An Aberdeen Covid testing centre could help a backlog-busting 1,000 patients a week as the pandemic tails off.

TAC Healthcare, which was founded in 2013, began offering a limited coronavirus testing service from a wooden gazebo at the back of its Cults office in March 2020.

As demand grew, it escalated to “four machines in the corner” of an oil firm’s gym, to its current premises in Dyce.

Long-term the firm is hoping to transform the space into a “one-stop shop” for diagnosing and treating certain conditions, privately and on behalf of the NHS where required, but has run into a roadblock.

An ultrasound scanning room inside TAC Healthcare, Dyce.
An ultrasound scanning room inside TAC Healthcare, Dyce.

With its Covid testing services in high demand – including at airports, sporting events and with a new mobile facility – it cannot currently pivot to other activities.
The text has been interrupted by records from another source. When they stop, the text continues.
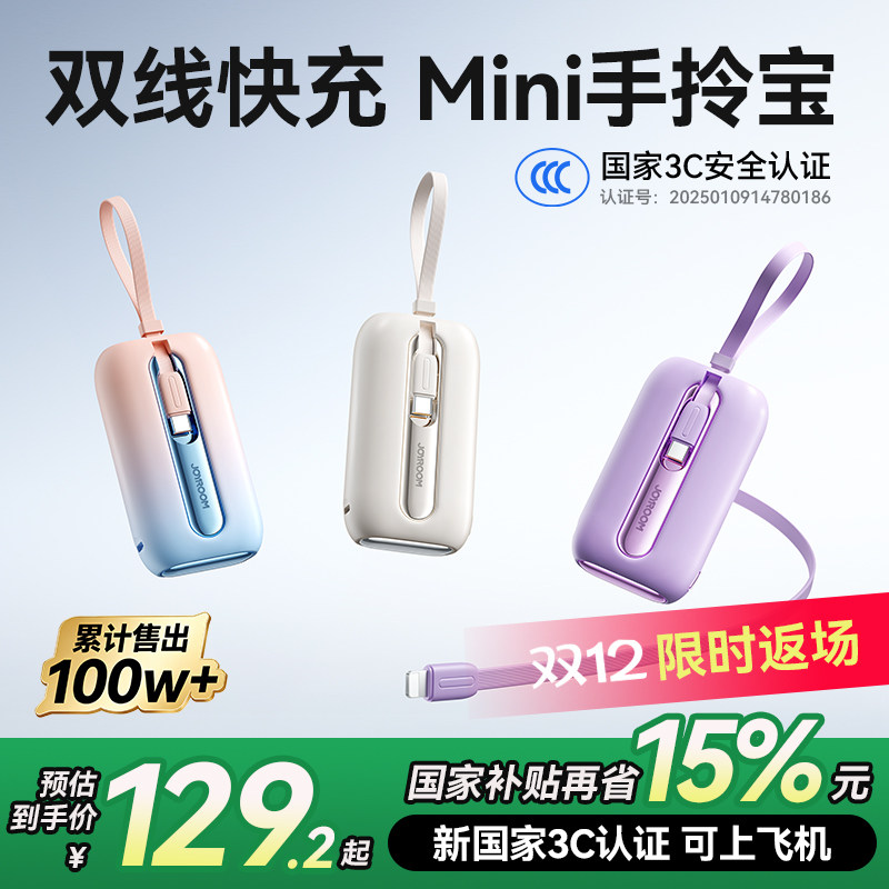 【充电宝3C认证可上飞机】政府补贴15%品胜mini小相机2025新款迷你超薄小巧便携自带线快充适用华为苹果小米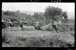 Part of the collection of images, 1906-1910, of the British School at Athens excavations at Sparta, Laconia. The original description in the SPHS register reads: "Sparta: Orthia: raising inscribed base".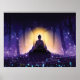 Buda meditando debaixo de uma árvore com um fundo roxo e brilhante.
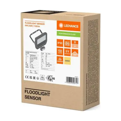 Descrizione Ledvance Proiettore LED Aluminium Nero 8W 1100lm 100D - 830 Luce Calda - | IP65 - Sensore Di Movimento E Luce - Simmetrico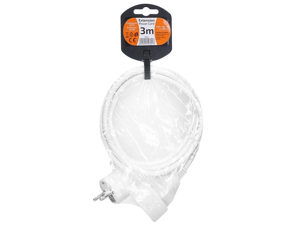 Kompaktný biely predlžovací kábel s dĺžkou 3 metre a jednou zásuvkou je ideálny na jednoduché predĺženie elektrickej energie v domácnosti, kancelárii alebo dielni. Vhodný na pripojenie samostatného zariadenia mimo dosahu pevnej zásuvky.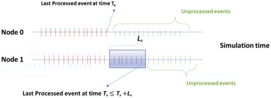 A fundamental paradigm in simulation is discrete-event simulation (DES) []. DES is characteristically involved with the modeling simulation of systems as a succession of events in a discrete fashion. These events arise at specific times and have the potential to change the state of the system. The execution of a single DES program on parallel and distributed computational systems is called parallel and distributed discrete-event simulation (PDDES) []. These systems can have characteristics from the high-performance computing systems and the hardware multi-threaded systems. These systems include schemes that communicate through shared memory modules. They also can include a more loosely coupled system where each processor has its local memory and a communication scheme based on messages. In addition, new initiatives, especially on platforms such as cloud-based virtualized arrangements and Internet-scale settings, can make PDDES more viable, easy to use, and cost-effective [,,,,,,,,,].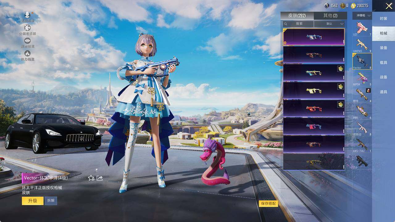 SCAR-L-桃夭倾城,M416-暖熊萌萌,GROZA-旋转彩虹,AUG-超新星,M762-冷魅冰骑,蜜獾-辉耀战甲,UZI-畅跳缤纷,UMP45-恐龙拽拽,Vector-环太平洋,汤姆逊-冰川粉黛,P90-粉樱探戈,P90-沙丘之主,M24-莲影清波,M24-镜域双华,M417-第五大道,MK20-H-海螺星光,M249-猪猪侠,DP-28-暗夜鎏金,MG3-洛神天依,PKM-江南烟雨,平底锅-仲夏莫吉托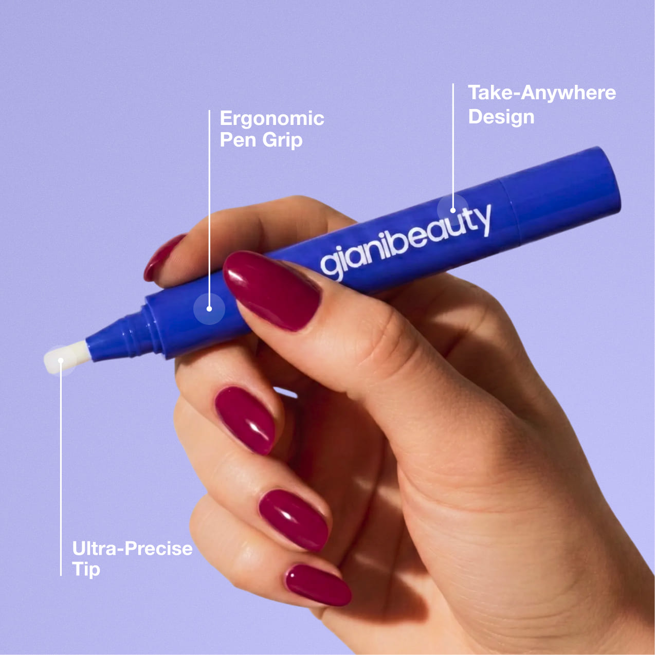Giani applies like a precise marker, dries in 60 seconds, lasts up to 4 weeks without chipping, and has zero chemical smell.

Clinical director Ken Park said: “Before Covid we were very much a healthcare company – we do endoscopy, imaging, minor surgery, and major surgery for the NHS as well.

“The idea was this facility would give us the hub to provide them but we’re finding it’s a bit of a double-edged sword because as long as we’re busy testing for Covid, we can’t really start building work.

“And, secondly, we wouldn’t want to be doing any clinical work in an environment where we’re bringing people in potentially with infection, so we’re very limited with what we can do.”

A row of consultation and treatment rooms.
A row of consultation and treatment rooms.

Mr Park is hopeful the centre can be used to speed up waiting times for key tests and procedures – particularly after many were paused during the early months of the pandemic.

Potentially, this could allow someone to have a test ordered and completed, then leave with a diagnosis in the same day.

“The amount of work that needs to be done is finite,” he said.

“If we take hernias, there are around 800 to be done in Aberdeen every year.

“And if you look at the time it takes for one, and the operating availability, it could be a quarter of all the elective operating done.

“So if we can take that out of the acute sector, it makes a lot of sense for everyone.”

He added: “We will be looking at maybe 1,000 patients a week, but that’s between a number of different specialties.

“You might find there’s a bigger uptake in orthopaedics, whereas gynaecology or something might fall by the wayside.

“A lot of what we do here depends on the wider picture of health care in the community and we aim to be part of that solution.”